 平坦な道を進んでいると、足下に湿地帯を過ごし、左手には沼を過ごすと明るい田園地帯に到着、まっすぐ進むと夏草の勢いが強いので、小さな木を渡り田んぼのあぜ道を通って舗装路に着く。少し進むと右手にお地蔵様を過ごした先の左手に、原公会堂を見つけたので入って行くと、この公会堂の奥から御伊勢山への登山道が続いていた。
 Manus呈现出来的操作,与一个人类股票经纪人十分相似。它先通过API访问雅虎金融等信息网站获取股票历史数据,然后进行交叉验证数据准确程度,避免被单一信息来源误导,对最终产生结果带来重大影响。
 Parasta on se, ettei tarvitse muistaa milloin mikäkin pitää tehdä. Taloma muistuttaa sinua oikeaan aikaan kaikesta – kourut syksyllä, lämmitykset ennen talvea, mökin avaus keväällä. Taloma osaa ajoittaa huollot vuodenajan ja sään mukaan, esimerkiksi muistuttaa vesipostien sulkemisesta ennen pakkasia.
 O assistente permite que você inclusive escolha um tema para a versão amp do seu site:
+ + + + + + +
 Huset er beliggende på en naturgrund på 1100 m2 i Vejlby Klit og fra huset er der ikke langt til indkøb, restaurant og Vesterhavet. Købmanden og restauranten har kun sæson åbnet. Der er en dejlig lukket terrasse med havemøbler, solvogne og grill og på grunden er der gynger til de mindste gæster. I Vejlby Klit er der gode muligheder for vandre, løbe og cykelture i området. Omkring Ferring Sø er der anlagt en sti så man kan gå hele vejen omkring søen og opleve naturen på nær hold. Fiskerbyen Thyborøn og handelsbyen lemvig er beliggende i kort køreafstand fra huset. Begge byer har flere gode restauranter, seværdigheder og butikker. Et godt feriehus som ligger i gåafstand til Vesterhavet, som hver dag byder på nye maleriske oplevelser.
+ + + + + + +
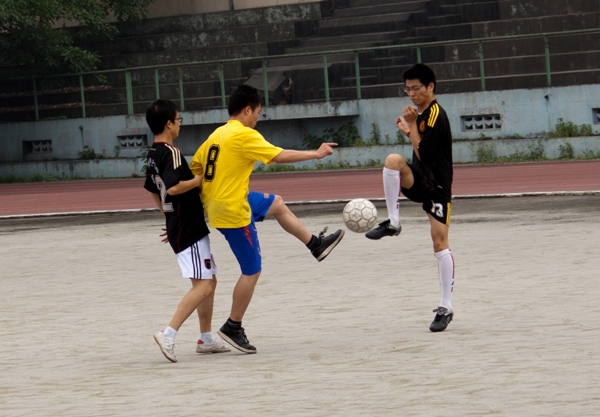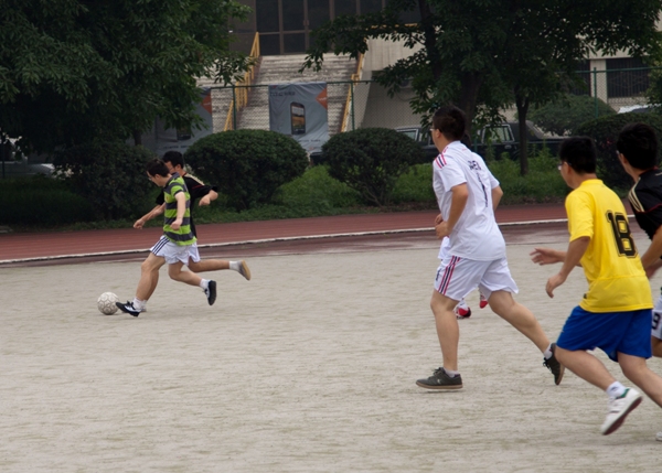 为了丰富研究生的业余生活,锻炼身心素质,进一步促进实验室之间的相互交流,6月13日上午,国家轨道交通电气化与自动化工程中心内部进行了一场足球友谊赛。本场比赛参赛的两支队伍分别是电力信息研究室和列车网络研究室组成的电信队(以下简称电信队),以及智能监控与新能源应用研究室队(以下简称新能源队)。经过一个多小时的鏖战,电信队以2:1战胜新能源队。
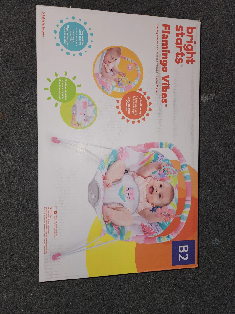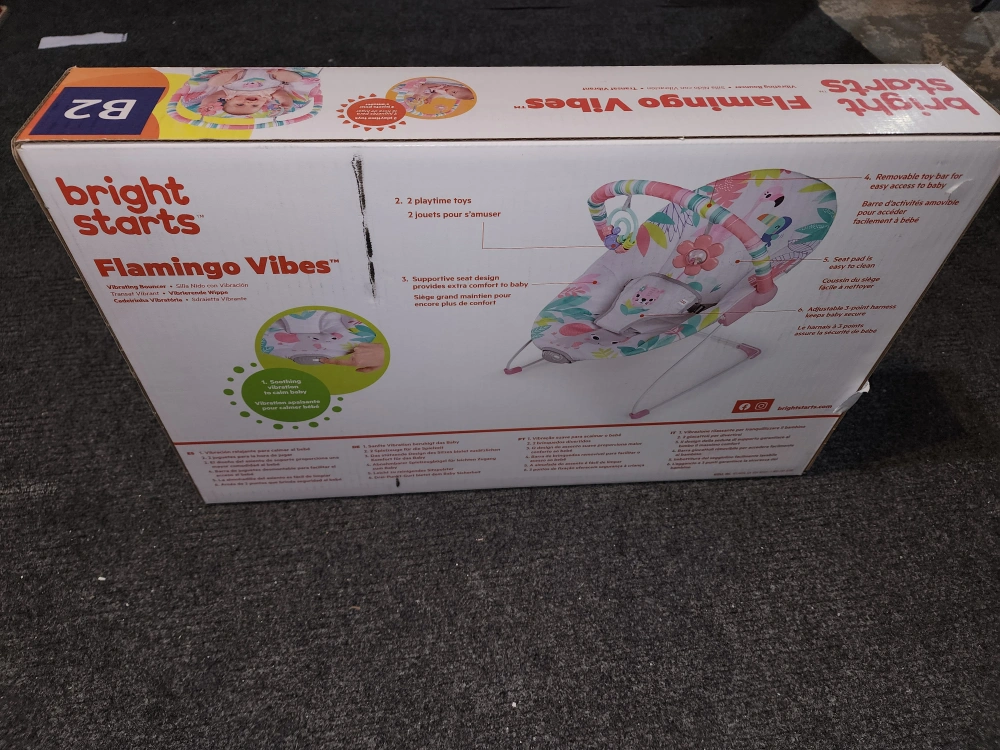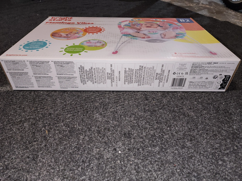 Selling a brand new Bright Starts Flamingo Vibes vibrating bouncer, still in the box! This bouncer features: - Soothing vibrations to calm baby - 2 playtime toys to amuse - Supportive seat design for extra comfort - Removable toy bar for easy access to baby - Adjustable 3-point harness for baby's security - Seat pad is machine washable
+ + + + + + +
» WORK ITEM
Using the data above, repeat exactly the lines that begin at the line with "平坦な道を進んでいると、足下" and end at the line with "O assistente permite", both ends included.

» YOUR SOLUTION
 平坦な道を進んでいると、足下に湿地帯を過ごし、左手には沼を過ごすと明るい田園地帯に到着、まっすぐ進むと夏草の勢いが強いので、小さな木を渡り田んぼのあぜ道を通って舗装路に着く。少し進むと右手にお地蔵様を過ごした先の左手に、原公会堂を見つけたので入って行くと、この公会堂の奥から御伊勢山への登山道が続いていた。
 Manus呈现出来的操作,与一个人类股票经纪人十分相似。它先通过API访问雅虎金融等信息网站获取股票历史数据,然后进行交叉验证数据准确程度,避免被单一信息来源误导,对最终产生结果带来重大影响。
 Parasta on se, ettei tarvitse muistaa milloin mikäkin pitää tehdä. Taloma muistuttaa sinua oikeaan aikaan kaikesta – kourut syksyllä, lämmitykset ennen talvea, mökin avaus keväällä. Taloma osaa ajoittaa huollot vuodenajan ja sään mukaan, esimerkiksi muistuttaa vesipostien sulkemisesta ennen pakkasia.
 O assistente permite que você inclusive escolha um tema para a versão amp do seu site:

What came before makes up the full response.